What we perceive as the sun’s hue is really light bouncing off surfaces. When it comes to stars, color equals temperature, Pesnell said. The hotter a star, the more blue light it gives off, while cooler stars appear red.
With a temperature that tops 27 million degrees Fahrenheit in its core, the sun is “somewhere in the middle, in this weird space where we can’t perceive its color,” Pesnell said — but the massive, glowing mass of gases is bound to change hues in the very, very distant future.
The sun is the source of all the light and heat that makes flowers bloom, birds sing and beachgoers smile because of the conversion of hydrogen into helium taking place deep inside its core. However, that hydrogen gas will eventually run out. The sun will balloon and take on a deep red shade before it turns Earth and other nearby planets into snacks. So, Pesnell said, the sun will glow bright blue for a bit — and then dim away into such a low temperature that its color will become imperceptible.
That doomsday, however, isn’t predicted for at least 4 billion to 5 billion more years.
“The sun is at its midlife, and it still has quite a lot of years before it changes colors,” Pesnell said. “It still hasn’t dimmed out one bit.”
So why are some people convinced it has turned whiter? It has more to do with the brain’s perception of the sun than astrophysics, Pesnell said. And perceptions can differ from person to person.
“When astronomers say color, they really mean temperature,” he said. “But to anyone in the public, color just means the color you see and how you make sense of the world.”
In its most physical sense, color is what people see when a wavelength enters the eye. There, specialized cells send signals to the brain, which translates the waves into the colors we see.
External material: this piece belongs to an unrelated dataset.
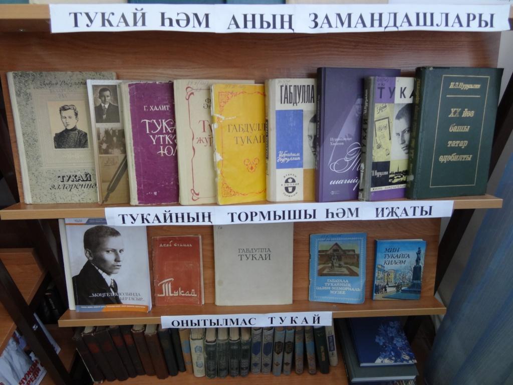 2016 елның 26 апрелендә бөек татар шагыйре Габдулла Тукайның (1886 – 1913) тууына 130 ел тула. Шул уңайдан үзәк китапханә тарафыннан “Тукай хәтирәләре” дигән әдәби викторина игълан ителде. Шулай ук китапханәдә “И мокатдәс моңлы сазым! Уйнадың син ник бик аз..?” дип исемләнгән китап күргәзмәсе эшли башлады. Күргәзмә киң катлау китап укучыларга , бөек татар шагыйре Габдулла Тукайның тормышы һәм иҗаты белән кызыксынучы һәркем игътибарына тәгъдим ителә. Аның максаты – китапханә фондларында булган һәм шагыйрь язмышы , аның иҗаты белән якыннан танышу мөмкинлеге бирә торган китапларны күрсәтү.

And though everybody is essentially receiving the same information, what we make of it is marked by individual life experiences and backgrounds, said Alice Skelton, who researches developmental color science at the University of Sussex in England.
“We think of perception and vision as being really straightforward, with this idea of ‘I have my eyes and see,’” Skelton said. “And actually, it’s not like that at all. It’s influenced by where you grow up, when you grow up and who you grow up around.”
Take the famous “white dress or blue dress” debate that divided the world in 2015. People believed the garment to be one color or the other depending on their perception, Skelton said: “It’s the same input, but what you come in with gives you different answers. For people who are more used to being in the sunlight, the dress looked one way. For those who are more used to shadows, it looked a different way.”
From this day on, the world will be divided into two people. Blue & black, or white & gold. http://t.co/xJeR7GldwP pic.twitter.com/i6BwVzPzSZ— Ellen DeGeneres (@EllenDeGeneres) February 27, 2015
The same thing happens in the Arctic Circle, where some children are born during long periods of darkness and others experience prolonged sunlight. As adults, Skelton said, research showed their time of birth influenced their abilities to distinguish different shades. Language may also play a role, she added — with some cultures not having a word to differentiate between blue and green, for instance.
People’s upbringings and how they learn to associate colors with objects can also affect our perceptions, Skelton said — something she posited could be contributing to the yellow-or-white-sun debate happening on Twitter.
“When you’re a kid, you don’t necessarily pay that much attention to these deep philosophical questions about the nature of color and light in the way you might start to when you’re sitting in your office looking out the window on a sunny day, so perhaps you just override your memory with the learned association of ‘yellow equals sun,’ which you leaned on heavily as a child,” she said.
“This is just another neat example of how life paints color,” Skelton added.